# Adorable Fabric Harnesses!



## sjc (Jan 14, 2005)

Hi everyone, I just added some new really cute sports harnesses to my website, so be sure and check it out. They are really selling well and I appreciate your business! Chloe loves being her Moms little model. 

Sandra
http://www.chloescustomharness.com


----------



## Kari (May 13, 2004)

I hope you sell tons of them Sandra!! They really are fantastic! :thumbleft:


----------



## sjc (Jan 14, 2005)

Thanks Kari! Lucky looks so cute in his Care Bear Harness!

Sandra
http://www.chloescustomharness.com


----------



## CM Katie (Sep 28, 2005)

So cute!! How do you get them on?

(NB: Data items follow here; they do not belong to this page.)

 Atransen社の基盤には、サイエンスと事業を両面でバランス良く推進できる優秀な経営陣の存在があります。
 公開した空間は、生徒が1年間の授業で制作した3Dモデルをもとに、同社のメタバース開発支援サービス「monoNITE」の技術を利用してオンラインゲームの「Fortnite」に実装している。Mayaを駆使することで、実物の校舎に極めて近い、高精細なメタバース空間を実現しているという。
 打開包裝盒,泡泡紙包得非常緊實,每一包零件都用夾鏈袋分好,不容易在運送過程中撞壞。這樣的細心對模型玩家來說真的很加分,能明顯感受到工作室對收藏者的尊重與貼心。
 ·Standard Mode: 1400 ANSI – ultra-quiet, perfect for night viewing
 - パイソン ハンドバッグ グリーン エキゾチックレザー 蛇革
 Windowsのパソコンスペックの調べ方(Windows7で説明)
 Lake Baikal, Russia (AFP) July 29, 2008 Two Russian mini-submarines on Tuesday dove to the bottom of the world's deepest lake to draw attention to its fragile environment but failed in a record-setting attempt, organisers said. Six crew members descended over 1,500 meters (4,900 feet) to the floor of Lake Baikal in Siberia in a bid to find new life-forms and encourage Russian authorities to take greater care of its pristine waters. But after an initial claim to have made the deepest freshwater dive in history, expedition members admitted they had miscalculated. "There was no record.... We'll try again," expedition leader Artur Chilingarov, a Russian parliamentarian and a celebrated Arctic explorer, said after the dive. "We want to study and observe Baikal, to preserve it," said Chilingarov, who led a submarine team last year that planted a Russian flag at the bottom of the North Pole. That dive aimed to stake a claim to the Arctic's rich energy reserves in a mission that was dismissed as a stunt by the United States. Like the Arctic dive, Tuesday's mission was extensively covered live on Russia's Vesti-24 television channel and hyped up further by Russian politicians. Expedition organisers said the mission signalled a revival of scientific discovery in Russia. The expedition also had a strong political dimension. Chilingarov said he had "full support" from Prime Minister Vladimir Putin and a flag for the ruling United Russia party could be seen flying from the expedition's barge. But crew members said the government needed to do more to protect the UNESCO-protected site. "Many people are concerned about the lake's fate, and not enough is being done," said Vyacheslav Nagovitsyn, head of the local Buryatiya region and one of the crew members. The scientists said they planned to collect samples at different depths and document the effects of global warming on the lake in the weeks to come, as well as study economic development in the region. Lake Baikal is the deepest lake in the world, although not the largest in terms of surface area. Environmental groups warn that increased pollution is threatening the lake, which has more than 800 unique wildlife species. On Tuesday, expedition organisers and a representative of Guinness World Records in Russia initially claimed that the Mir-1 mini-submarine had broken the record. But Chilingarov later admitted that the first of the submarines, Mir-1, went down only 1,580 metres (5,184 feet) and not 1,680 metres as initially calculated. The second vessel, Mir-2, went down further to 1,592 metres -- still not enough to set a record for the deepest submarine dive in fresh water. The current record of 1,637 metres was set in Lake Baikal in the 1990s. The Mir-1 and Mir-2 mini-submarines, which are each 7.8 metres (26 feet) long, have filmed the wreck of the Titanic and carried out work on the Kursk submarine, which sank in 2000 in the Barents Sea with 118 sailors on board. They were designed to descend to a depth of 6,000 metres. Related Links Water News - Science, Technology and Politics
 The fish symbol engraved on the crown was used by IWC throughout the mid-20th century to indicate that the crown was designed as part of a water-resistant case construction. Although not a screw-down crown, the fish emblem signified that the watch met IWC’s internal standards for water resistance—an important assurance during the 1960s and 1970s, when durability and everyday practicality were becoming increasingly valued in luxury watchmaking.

Do they pull over their head or is it like velcro or something?


----------



## Kari (May 13, 2004)

There is velcro around the neck and chest. It's really easy to put on and Lucky loves his, he doesn't mind it at all.


----------



## kidd24 (Feb 15, 2006)

Do you ship to the UK?


----------



## Lory07 (Apr 12, 2006)

Those are adorable!


----------



## sjc (Jan 14, 2005)

Yes, I do ship to the U.K! I can make them tiny enough to fit a one pound puppy. They are safe easy to put on and fashionable! The Velcro is "upholstery strength".


Sandra
http://www.chloescustomharness.com


----------



## CM Katie (Sep 28, 2005)

sjc said:


> I can make them tiny enough to fit a one pound puppy.
> http://www.chloescustomharness.com


Can you make them big enough to fit an 11-12 lb puppy?


----------



## Kari (May 13, 2004)

I'm pretty sure she can, actually I think she already has before. :wink: 

Carl would look so cute in one Katie!!


----------



## sjc (Jan 14, 2005)

Katie 18 said:


> Can you make them big enough to fit an 11-12 lb puppy?


I sure can! I have made several for the bigger Chihuahuas. I just made one for a 15pound mix. 

Sandra
www.chloescustomharness.com


Hey Kari!


----------



## CM Katie (Sep 28, 2005)

I really like the Buttons and Bones harness (it will match his new collar I just ordered from another website!!) but what does the "Puppy Harness" mean?


----------



## sjc (Jan 14, 2005)

It just means that the one posted on my Website is for a small 2 or 3 pound puppy. So it is a little less expensive. I can make it larger if needed.

Sandra
www.chloescustomharness.com


----------



## REBECCA (Nov 11, 2005)

kidd24 said:


> Do you ship to the UK?


 Beautiful black and white pic of your chis.


----------